The scroll also, unusually, clearly indicates a precise date on the first line: "Year 4 to the destruction of Israel". The intention is, presumably, either to the year 74 C.E. (the year when the Second Temple was destroyed during the Great Revolt) or to 138 A.D. (the annihilation of the Jewish settlement following the Bar Kokhva revolt).
...The document was apparently stolen from a cave within Israel's borders where antiquities raiders were digging...Police investigator Eli Cohen said Wednesday that officers was looking into how the suspects arrived at the scroll, and were they involved in other antiquities robberies.
BBC has a picture:
From AFP:
Amir Ganor, who heads the Israel Antiquities Authority's robbery prevention unit..."The document is very important from the standpoint of historical and national research. Until now almost no historic scrolls or documents from this period have been discovered in proper archaeological excavations."

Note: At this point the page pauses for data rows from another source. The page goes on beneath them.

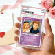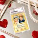 Completo di HP personalizzato, titolo del messaggio e testo di accompagnamento, questo biglietto racconta la tua storia d'amore in modo divertente e creativo.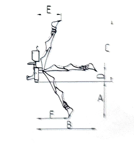 - F: Afstand fra tilkoblingspunkt til støtteben (150 cm)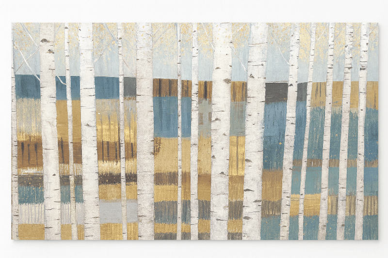 Print on wood of birch trees in earth tones.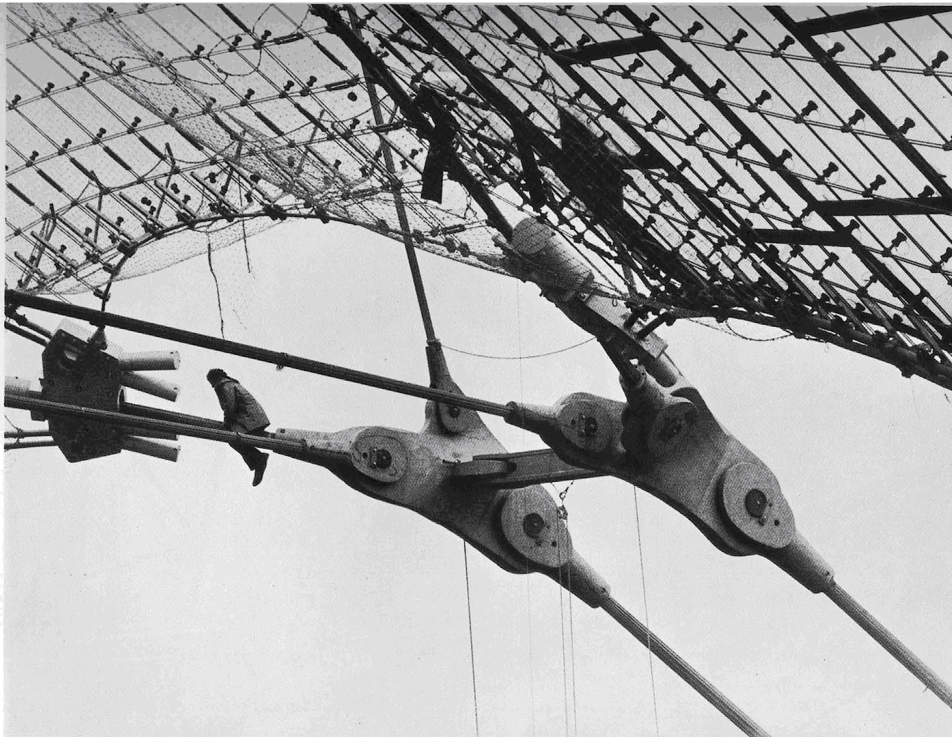 Frei Otto, un arquitecto e ingeniero alemán, dispone de una de las biografías más interesantes que uno pudiera desear escribir. Baste con decirles que habiendo nacido en 1925, y después de haber sido piloto de la luftwaffe, prisionero de guerra y arquitecto reconocido con numerosos premios, vive retirado desde 1970 colaborando esporádicamente en lo que le apetece. No sé si envidiable, pero al menos fascinante. Les dejo la evolución del proyecto en imágenes: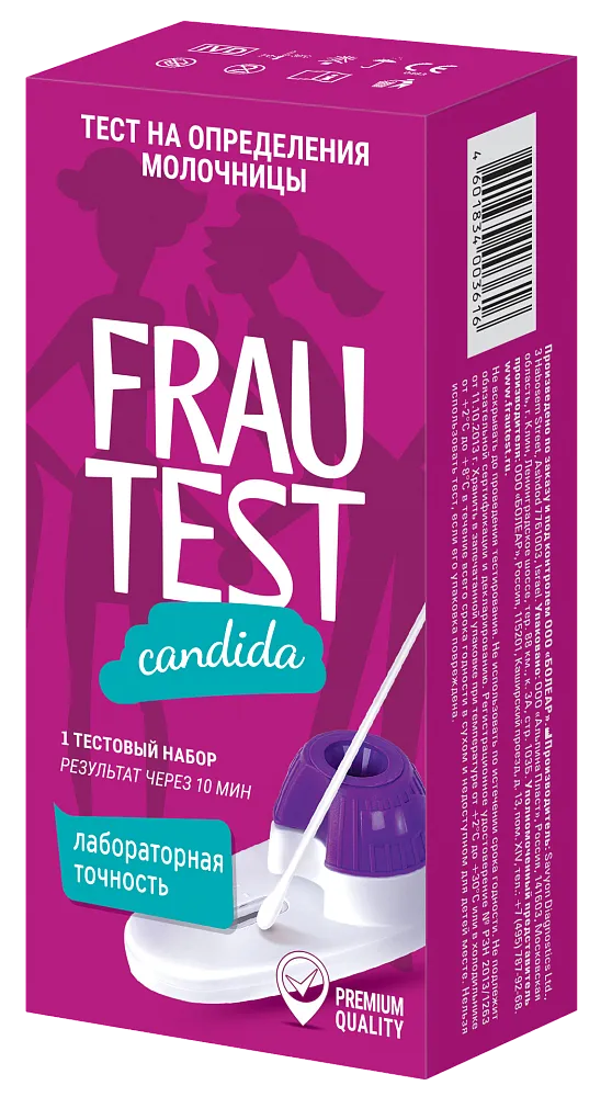 FRAUTEST candida – Современная диагностическая тест-система. Принцип действия основан на иммунохроматографическом методе качественного выявления дрожжеподобных грибов рода Candida в цервикальном секрете влагалища в домашних условиях. Точность метода составляет 95%.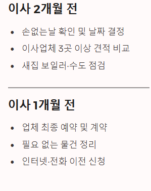- 수도 동파 확인: 이사 들어갈 집의 보일러와 수도계량기가 얼지 않았는지 계약 전이나 이사 며칠 전에 미리 방문하여 확인해야 합니다.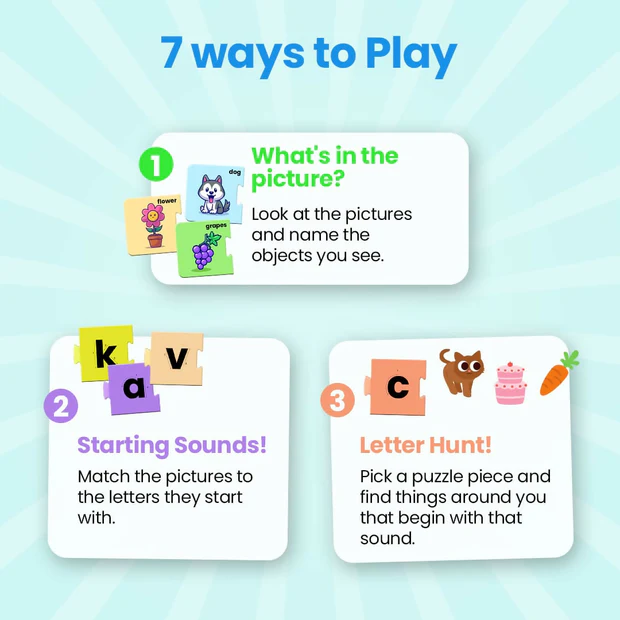 - Pick a puzzle piece and find things around you that begin with that sound.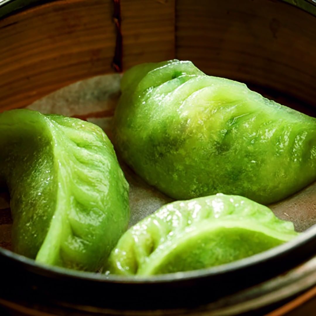 自家製の皮に青汁の粉を練り込み、香り高い春菊の餡を包んだ餃子。自家農園の新鮮な無農薬野菜を使用
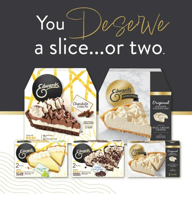 EDWARDS DESSERTS - Exceptional indulgences made effortless! Our smooth, decadent frozen pies are meticulously whipped, sprinkled, and drizzled to extravagant perfection. All you have to do is relax and treat yourself to the rich flavor, velvety crème layers, and fresh-from-the-oven cookie crumb crust. Our two slices of Edwards Key Lime Pie are layered with smooth, lime filling made from real Key West Lime juice, and beautifully topped with whipped crème rosettes. Simply thaw and enjoy a slice or two!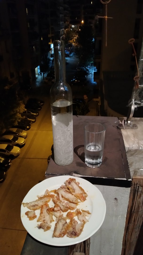 ΥΓ. Απαλυνα κάπως το χτύπημα, με σκουμπρί καπνιστό, γαύρο μαρινάτο, σαρδέλα ψιλοκαυτερή, ελιές, τυριά διάφορα, και τέλος πάντων με διάφορα τέτοια τζιμπράγκαλα.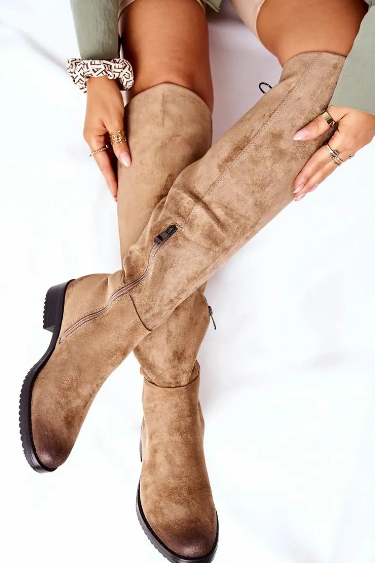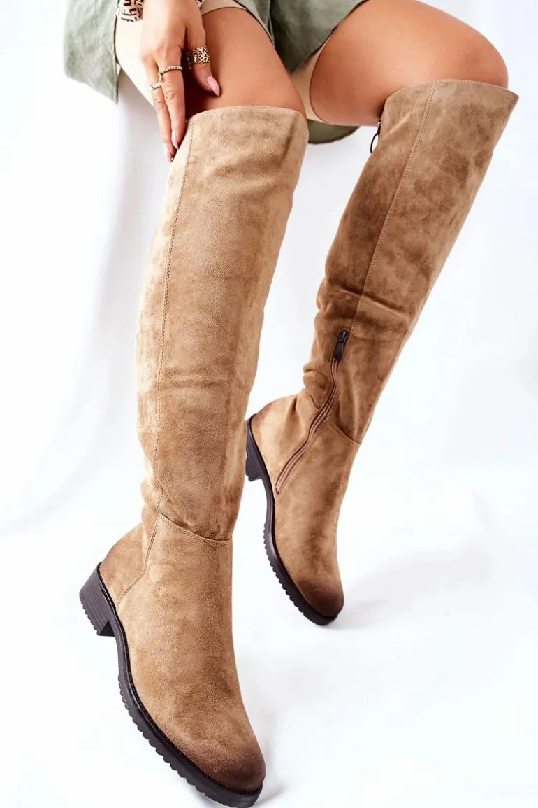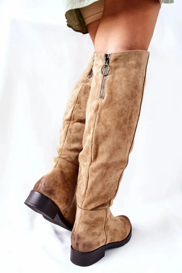 Kozaki Damskie Płaskie Zamszowe Beżowe Ardmore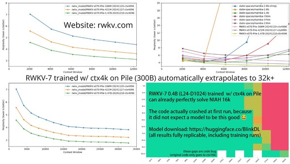 此外,RWKV-7在保持100% RNN特性的同时,拥有极强的长文本处理能力,能够轻松应对复杂的文本处理任务。例如RWKV-7-World 0.1B模型在4k上下文长度下预训练后,无需任何微调即可完美通过16k上下文长度的大海捞针测试。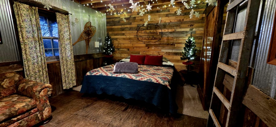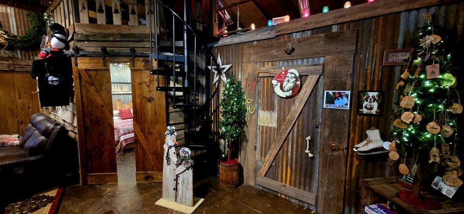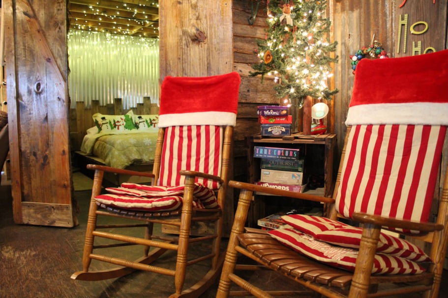We began building The Christmas Cabin in 2005. Our plan was to rent the building during the non-Christmas season and as retail space during the Christmas season. When we discovered the option of short-term renting we realized it would fit well with our Christmas Tree Farm schedule. In January 2018 we opened The Cabin for nightly renting and the rest is history. There is always that one person in the family who is crazy about Christmas, so we designed our Christmas Cabin to give you a Hallmark experience from the moment you walk in. The Christmas Cabin stays Christmassy all year long.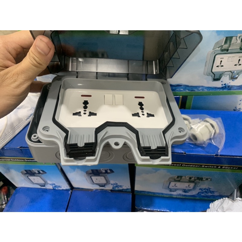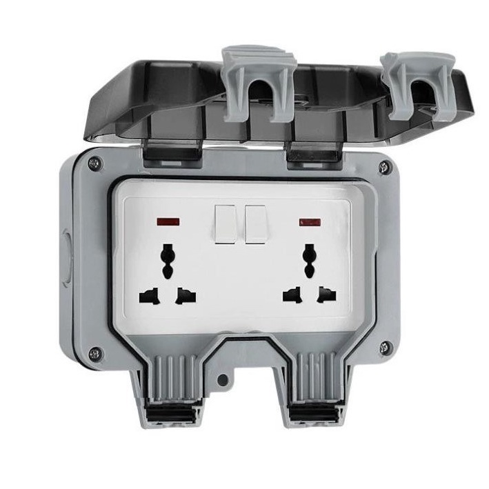 Thiết Bị Điện Gia Dụng > Mạch điện & Phụ tùng > Ổ cắm điện & Dây nối || Ổ cắm điện đôi ngoài trời chống nước kèm công tắc bao gồm cả hộp và mặt ổ cắmCòn hàng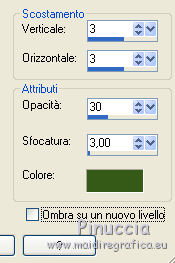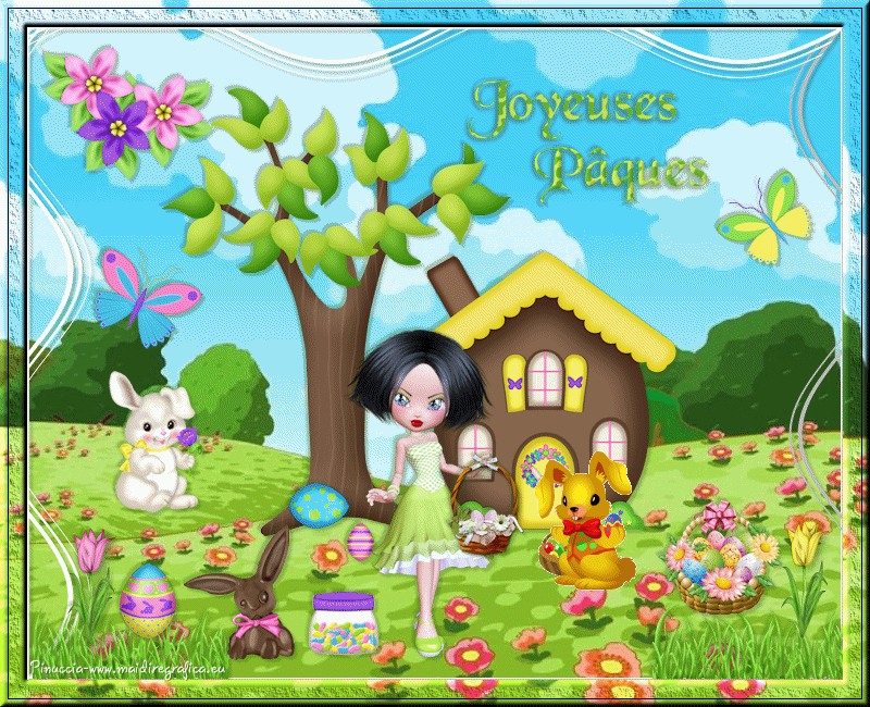 qui puoi trovare qualche risposta ai tuoi dubbi. Se l'argomento che ti interessa non è presente, ti prego di segnalarmelo. Questo tutorial è una creazione di ©Titoune e non può essere copiato su altri siti nè essere offerto per il download. Lo stesso vale per la mia traduzione. Il tutorial è stato creato con PSP X5, ma può essere eseguito anche con le altre versioni di PSP. Secondo la versione utilizzata (anteriore a PSP X) potresti ottenere dei risultati differenti. Dalla versione X4, il comando Immagine>Rifletti è stato sostituito con Immagine>Capovolgi in orizzontale, e il comando Immagine>Capovolgi con Immagine>Capovolgi in verticale. Nelle versioni X5 e X6, le funzioni sono state migliorate rendendo disponibile il menu Oggetti. Con il nuovo X7 sono tornati i comandi Rifletti/Capovolgi, ma con nuove differenze. Vedi la scheda sull'argomento qui Per tradurre il tutorial ho usato PSP X. Occorrente: Un tube a scelta. Il resto del materiale qui Filtri in caso di dubbi, ricorda di consultare la mia sezione filtri qui AAA Frames - Texture Frame qui Animation Shop qui ![]() 1. Apri una nuova immagine trasparente 750 x 600 pixels. Selezione>Seleziona tutto. 2. Apri l'immagine landscape e vai a Modifica>Copia. Torna al tuo lavoro e vai a Modifica>Incolla nella selezione. Selezione>Deseleziona. 3. Apri l'elemento Delicious Easter_FS Element_S and T (1), e vai a Modifica>Copia. Torna al tuo lavoro e vai a Modifica>incolla come nuovo livello. 4. Effetti>Effetti di immagine>Scostamento. ![]() 5. Effetti>Effetti 3D>Sfalsa ombra, colore #365919. ![]() Ripeti l'effetto Sfalsa ombra, cambiando verticale e orizzontale con -3. 6. Apri l'elemento Delicious Easter_FS Element_S and T (4), e vai a Modifica>Copia. Torna al tuo lavoro e vai a Modifica>incolla come nuovo livello. 7. Effetti>Effetti di immagine>Scostamento. ![]() Effetti>Effetti 3D>Sfalsa ombra, con i settaggi precedenti. 8. Apri l'elemento Delicious Easter_FS Element_S and T (6), e vai a Modifica>Copia. Torna al tuo lavoro e vai a Modifica>incolla come nuovo livello. Spostalo in basso.Vedi l'esempio finale. Effetti>Effetti 3D>Sfalsa ombra, con i settaggi precedenti. 9. Apri l'elemento Delicious Easter_FS Element_S and T (9), e vai a Modifica>Copia. Torna al tuo lavoro e vai a Modifica>incolla come nuovo livello. Spostalo a sinistra.Vedi l'esempio finale. Effetti>Effetti 3D>Sfalsa ombra, con i settaggi precedenti. 10. Apri l'elemento Delicious Easter_FS Element_S and T (10), e vai a Modifica>Copia. Torna al tuo lavoro e vai a Modifica>incolla come nuovo livello. Spostalo a destra.Vedi l'esempio finale. Effetti>Effetti 3D>Sfalsa ombra, con i settaggi precedenti. 11. Apri l'elemento 4051887b (paniere uova), e vai a Modifica>Copia. Torna al tuo lavoro e vai a Modifica>incolla come nuovo livello. Spostalo in basso a destra.Vedi l'esempio finale. Effetti>Effetti 3D>Sfalsa ombra, con i settaggi precedenti. Apri l'elemento Delicious Easter_FS Element_S and T (27), e vai a Modifica>Copia. Torna al tuo lavoro e vai a Modifica>incolla come nuovo livello. Spostalo in basso a destra.![]() Effetti>Effetti 3D>Sfalsa ombra, con i settaggi precedenti. 12. Apri l'elemento Delicious Easter_FS Element_S and T (11), e vai a Modifica>Copia. Torna al tuo lavoro e vai a Modifica>incolla come nuovo livello. Spostalo in basso.Vedi l'esempio finale. Effetti>Effetti 3D>Sfalsa ombra, con i settaggi precedenti. 13. Apri l'elemento Delicious Easter_FS Element_S and T (16), e vai a Modifica>Copia. Torna al tuo lavoro e vai a Modifica>incolla come nuovo livello. Spostalo nella parte inferiore.Vedi l'esempio finale. Effetti>Effetti 3D>Sfalsa ombra, con i settaggi precedenti. 14. Apri l'elemento Delicious Easter_FS Element_S and T (28), e vai a Modifica>Copia. Torna al tuo lavoro e vai a Modifica>incolla come nuovo livello. Spostalo in basso a sinistra.![]() Effetti>Effetti 3D>Sfalsa ombra, con i settaggi precedenti. 15. Apri l'elemento Delicious Easter_FS Element_S and T (18), e vai a Modifica>Copia. Torna al tuo lavoro e vai a Modifica>incolla come nuovo livello. Spostalo in basso a sinistra.Vedi l'esempio finale. Effetti>Effetti 3D>Sfalsa ombra, con i settaggi precedenti. 16. Apri l'elemento Delicious Easter_FS Element_S and T (20), e vai a Modifica>Copia. Torna al tuo lavoro e vai a Modifica>incolla come nuovo livello. Spostalo ai piedi dell'albero.Vedi l'esempio finale. Effetti>Effetti 3D>Sfalsa ombra, con i settaggi precedenti. 17. Apri l'elemento Delicious Easter_FS Element_S and T (19), e vai a Modifica>Copia. Torna al tuo lavoro e vai a Modifica>incolla come nuovo livello. Sposta anche questo elemento ai piedi dell'albero.Vedi l'esempio finale. Effetti>Effetti 3D>Sfalsa ombra, con i settaggi precedenti. Apri l'elemento Delicious Easter_FS Element_S and T (7), e vai a Modifica>Copia. Torna al tuo lavoro e vai a Modifica>incolla come nuovo livello. Spostalo a sinistra.![]() Effetti>Effetti 3D>Sfalsa ombra, con i settaggi precedenti. 18. Apri l'elemento Delicious Easter_FS Element_S and T (24), e vai a Modifica>Copia. Torna al tuo lavoro e vai a Modifica>incolla come nuovo livello. Spostalo in alto a sinistra.Vedi l'esempio finale. Effetti>Effetti 3D>Sfalsa ombra, con i settaggi precedenti. 19. Apri l'elemento wordart, e vai a Modifica>Copia. Torna al tuo lavoro e vai a Modifica>incolla come nuovo livello. Spostalo in alto a destra.Vedi l'esempio finale. Effetti>Effetti 3D>Sfalsa ombra, con i settaggi precedenti. 20. Attiva il livello del paesaggio. Apri l'elemento titoune_bordure, e vai a Modifica>Copia. Torna al tuo lavoro e vai a Modifica>incolla come nuovo livello. Effetti>Effetti 3D>Sfalsa ombra, con i settaggi precedenti. 21. Apri il tuo tube, e vai a Modifica>Copia. Torna al tuo lavoro e vai a Modifica>incolla come nuovo livello. Immagine>Ridimensiona, se e quanto necessario, tutti i livelli non selezionato. Spostalo dove preferisci o vedi il mio esempio.Effetti>Effetti 3D>Sfalsa ombra, con i settaggi precedenti. 22. Apri l'elemento bc2a51ae (paniere), e v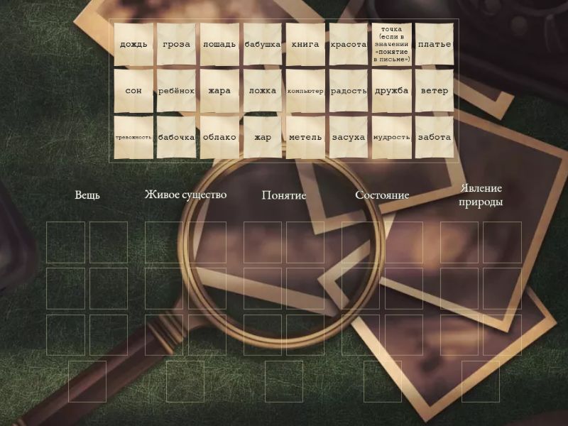 Вещь: книга, ложка, компьютер, платье, Живое существо: бабочка, ребёнок, лошадь, бабушка, Понятие: дружба, красота, мудрость, точка (если в значении «понятие в письме»), забота, тревожность, радость, Состояние: сон, жар, засуха , Явление природы: гроза , метель , дождь , ветер, жара, облако ,

"What we have here is rare historic evidence about the Jewish people in their country from 2,000 years ago," said Ganor.
1 comment:
The world knows that Jews have lived there for more than 3,000 years, and that we are the only ones who's land it has ever been, yet they continue to support the "Palestinian" Arabs' false claims to the Land, which they themselves admit they only want in order to destroy us. It's obvious they are up to no good.
We need to do what we need to do. The Rebbe assured us that if we were firm, the nations would ultimately assent, but that if we were weak, the pressures against us would only increase. We are back to stay, but whether it will be easy or hard is up to us.